Lines 8–15 grab the HTML via curl and filter it through the Python script, which I’ve given the unfortunate name lamarr-song-list-text and saved in my ~/bin/ directory. The shell command that actually runs the retrieval and filtering operations is enclosed in a try block with the hope that any failures will be graceful. Line 31 then puts the songlist into the track’s lyrics field.

One thing that may seem weird to you is the 60 second delay in Line 26. It seems weird to me, too. As I was testing the script without the delay, I found that it sometimes worked and sometimes didn’t. I noticed that iTunes often spent time “processing” the track—whatever that entails—after it was imported, but the script didn’t wait at Line 25 for that processing to finish. When the script failed, the commands after Line 25 didn’t do their jobs. So I added the delay, thinking that might give iTunes enough processing time to finish the import before moving on to the other commands. The script has worked consistently since the delay was added.

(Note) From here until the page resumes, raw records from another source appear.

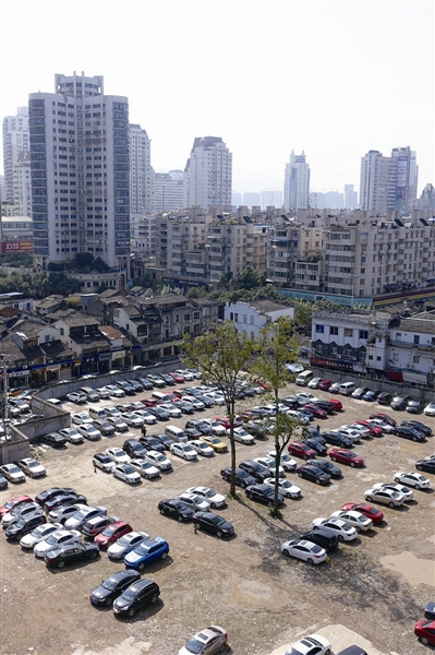 日前,记者来到该地块现场看到,地块除四周保留有老围墙外,场地上已无任何还能阻碍施工的土建构筑物,但现场却见不到施工机械和人员。偌大的场地已成了一个社会公共停车场,停满了社会车辆,一眼望去足有上百辆。
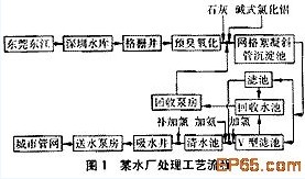 某水廠現(xiàn)供水規(guī)模為35×104m3/d。因源水水質(zhì)日趨惡化而于1999年開始對原微絮凝直接過濾工藝進行了技術改造,現(xiàn)工藝流程見圖1。
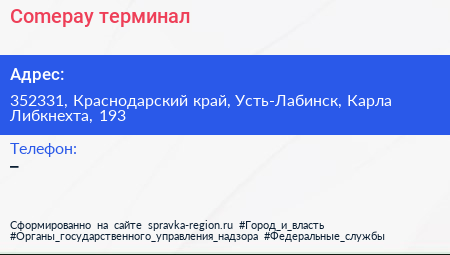 Comepay, терминал по адресу 352331, Краснодарский край, Усть-Лабинск, Карла Либкнехта, 193 в дальнейшем Организация, размещена в следующих категориях:
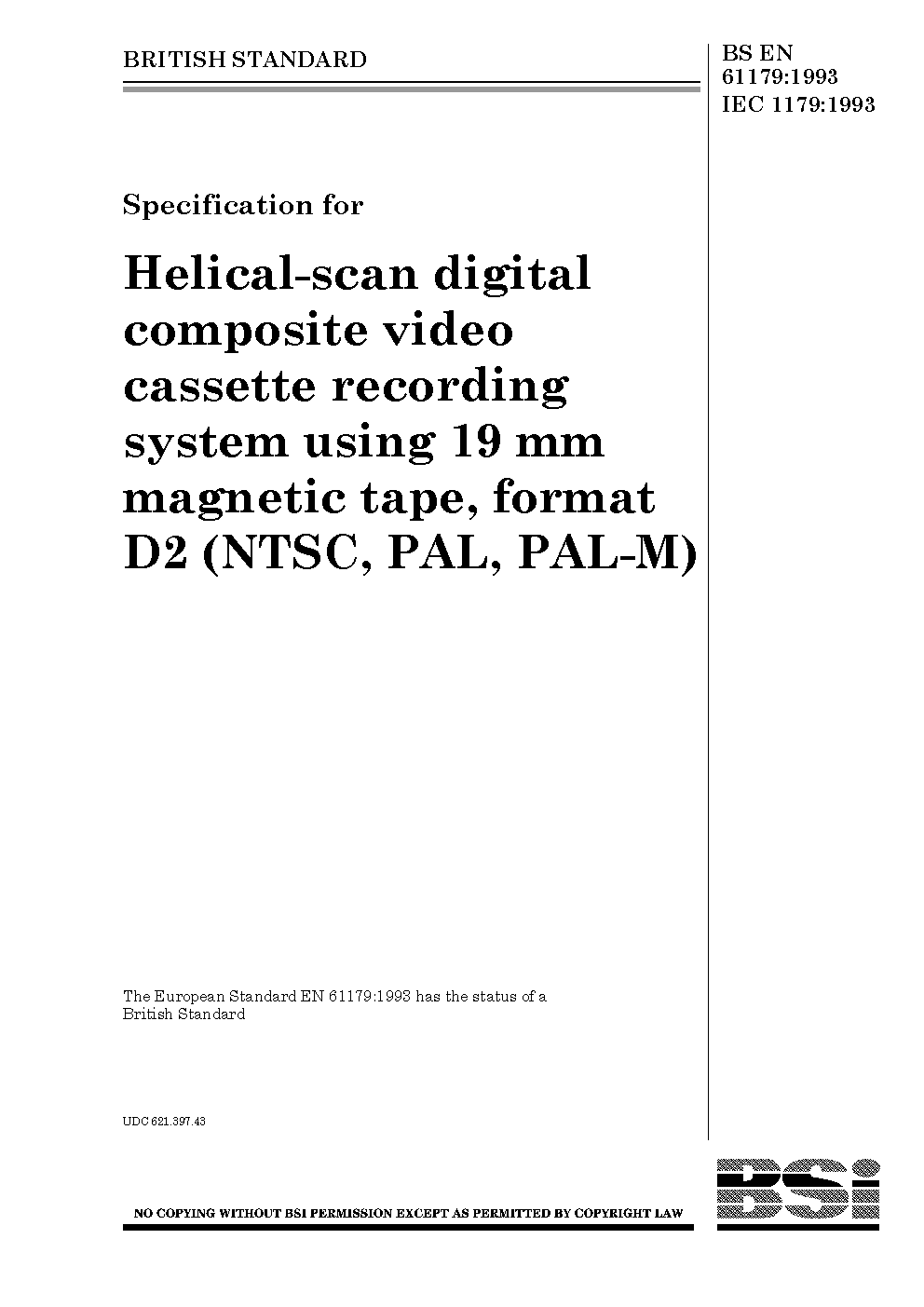 Specification for helical-scan digital composite video cassette recording system using 19 mm magnetic tape, format D2 (NTSC, PAL, PAL-M)
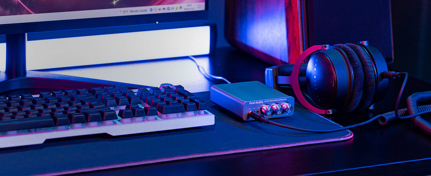 - The upgraded version for Fosi Audio Q4 adds microphone function, K5 Pro headphone DAC amp combo, next-generation audio converter with unrivaled internals, more outstanding performance, and richer audio details. Born for Gaming. K5 Pro stereo DAC headphone amplifier is perfect for your home gaming system, equivalent to an external sound card, suitable for PS5/Computers/PC/MAC/Nintendo Switch/active speakers, etc;
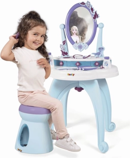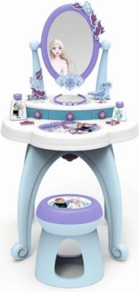 2-in-1 tualetinis staliukas, įkvėptas Ledo karalystės, siūlo viską, ko mažosioms princesėms reikia kasdienei priežiūrai. Jame yra didelis pasukamas veidrodis ir gausi komplektacija, tokia kaip kvepalai ir kiti kosmetiniai aksesuarai.
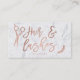 A modern, stylish hair and lashes artist business card with modern hand lettering style script cursive typography in faux rose gold foil on a trendy and elegant white marble background. If you need any customisation, don't hesitate in contacting me wih eyelashes and scissors.
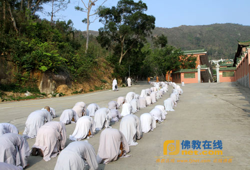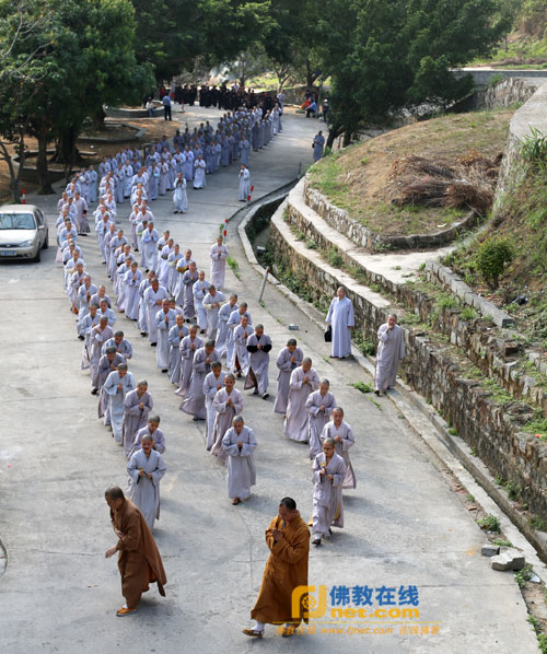 2014年3月19日上午8点,时值农历二月十九观音菩萨圣诞。广东省汕尾市陆丰定光寺、广东尼众佛学院举行三步一拜朝山祈福活动。
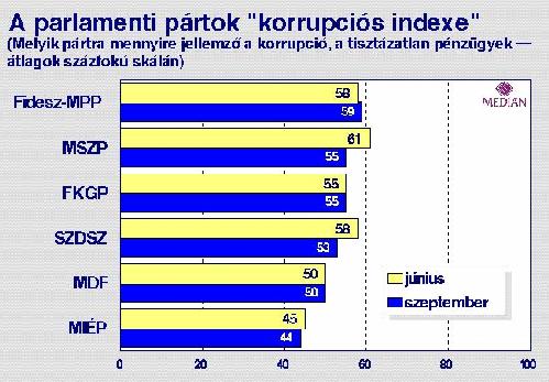 A korrupciós gyanu a kis és nagy pártokra egyaránt vonatkozik. Az ábra tanusítja, sikeres az a suttogó propaganda, hogy "ezek sem jobbak a többinél |
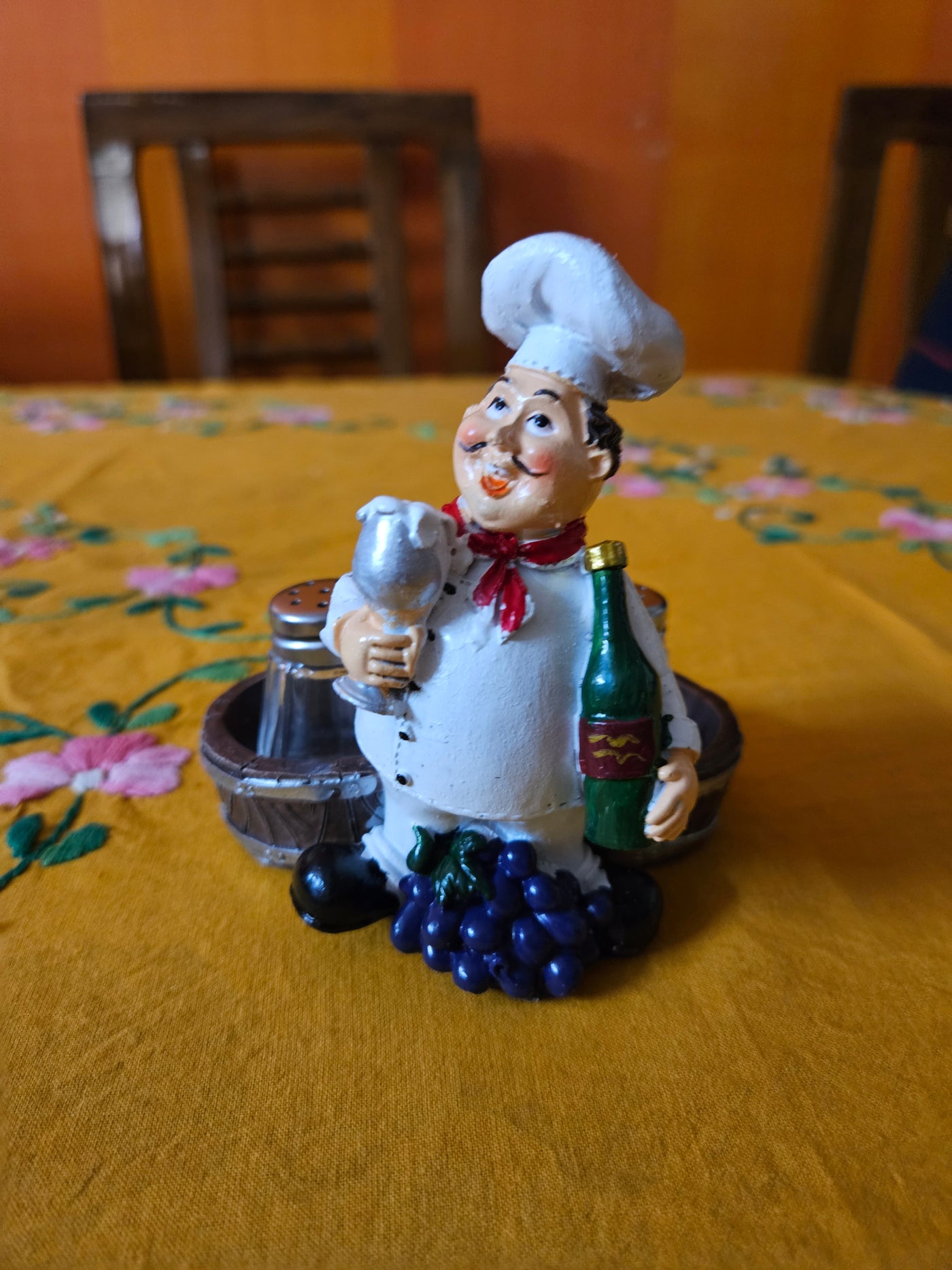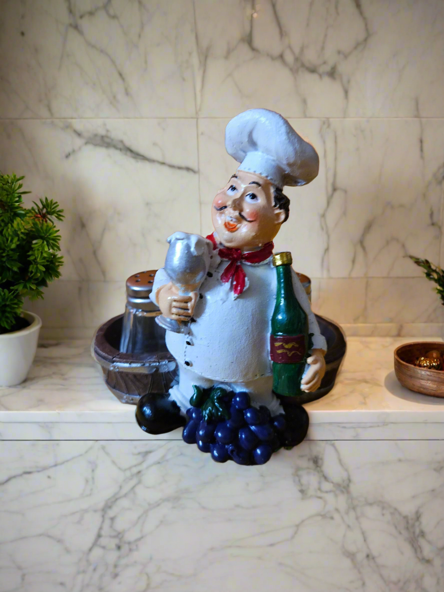 L x W x H- 4.5x3.5x5 inches Material: Made from durable, high-quality resin, this chef statue is designed to last while offering a smooth, glossy finish.
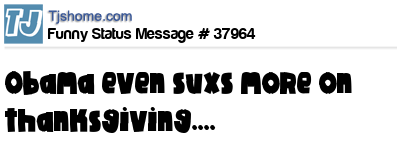 - # 172849 Being know as a instigator, I'm gonna add "Being thankful we survived Obama' to the thanksgiving blessing just to get the fun going.
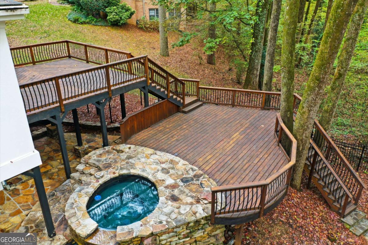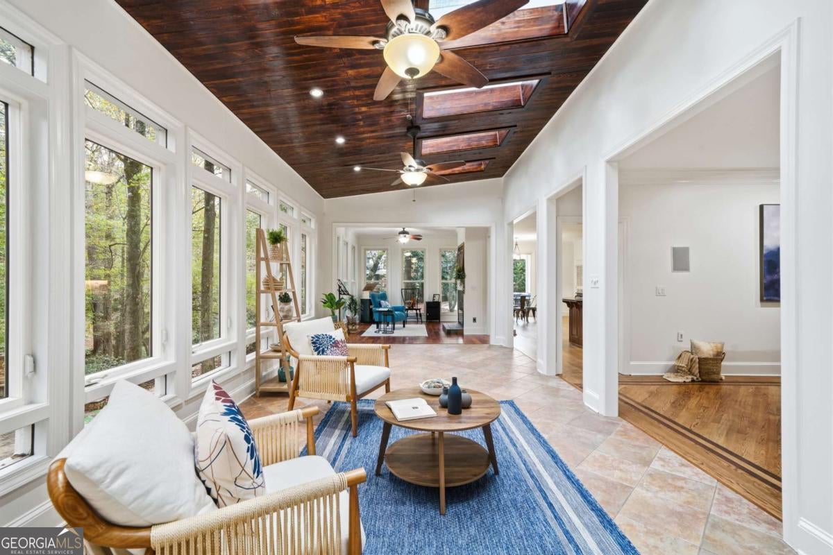 Nestled on a serene cul-de-sac in the heart of Brookfield Country Club, this traditional two-story estate home combines timeless elegance with resort-style living! From the moment you enter, you'll appreciate the refined details - newly refinished hardwood floors, generous living spaces, and sun-filled rooms that flow beautifully for entertaining and everyday comfort. The main level features a stunning sunroom spanning the back of the home, showcasing vaulted ceilings, skylights, and sweeping views of the heated gunite pool, hot tub, and stone patio with outdoor fireplace. The open kitchen adjoins the sunroom and includes its own cozy fireplace - the perfect gathering space for casual meals or morning coffee. A spacious family room with fireplace, oversized living room perfect for home office or keeping room, and a formal dining room with seating for twelve complete the main level, offering a seamless blend of sophistication and warmth. Upstairs, the oversized primary suite is a true retreat with a private sitting area and fireplace. The spa-inspired bath boasts an oversized steam shower with six body sprays, a separate garden tub, and dual vanities - creating a luxurious space to unwind. The finished daylight terrace level expands the home's living and entertaining potential, featuring a beamed-ceiling den with fireplace that opens to a covered patio and the pool area. This level also includes two mirrored exercise rooms, a steam room with seating for eight, and a bedroom with full bath - ideal for guests, an au pair suite, or multi-generational living. Outdoor living takes center stage with multiple spaces designed for relaxation and entertainment - from the two-tiered deck off the sunroom to the beautifully landscaped pool and patio area featuring a custom designed stone hardscape with fireplace, that feels like a private resort and is id.eal for gatherings, relaxation or weekend entertaining. Located within one of Roswell's most desirable golf and tennis communities, and just minutes from Roswell's best restaurants, shopping, and parks, this Brookfield Country Club estate offers the perfect blend of luxury, lifestyle, and location. - just minutes from Historic Downtown Roswell, Southern Post, and Roswell's premier parks including Leita Thompson Memorial Park.

Here’s what the results look like on my iPhone.

I assume the lines are centered to make lyrics look more like poetry to people who don’t read much poetry.

Most of the programs I post in this blog are idiosyncratic, but the two in this post are especially so. Unless you use AudioHijack Pro to record the BBC Radio 2 streams of Mark Lamarr’s shows, you will not be able to use these scripts directly. (They can be used with Lamarr’s “God’s Jukebox” show in addition to the Thursday night show by changing the URL for the song list page, but that doesn’t go very far in broadening their applicability.) But the ideas in the scripts can be used by anyone who records audio streams and would like to add textual information to the tracks.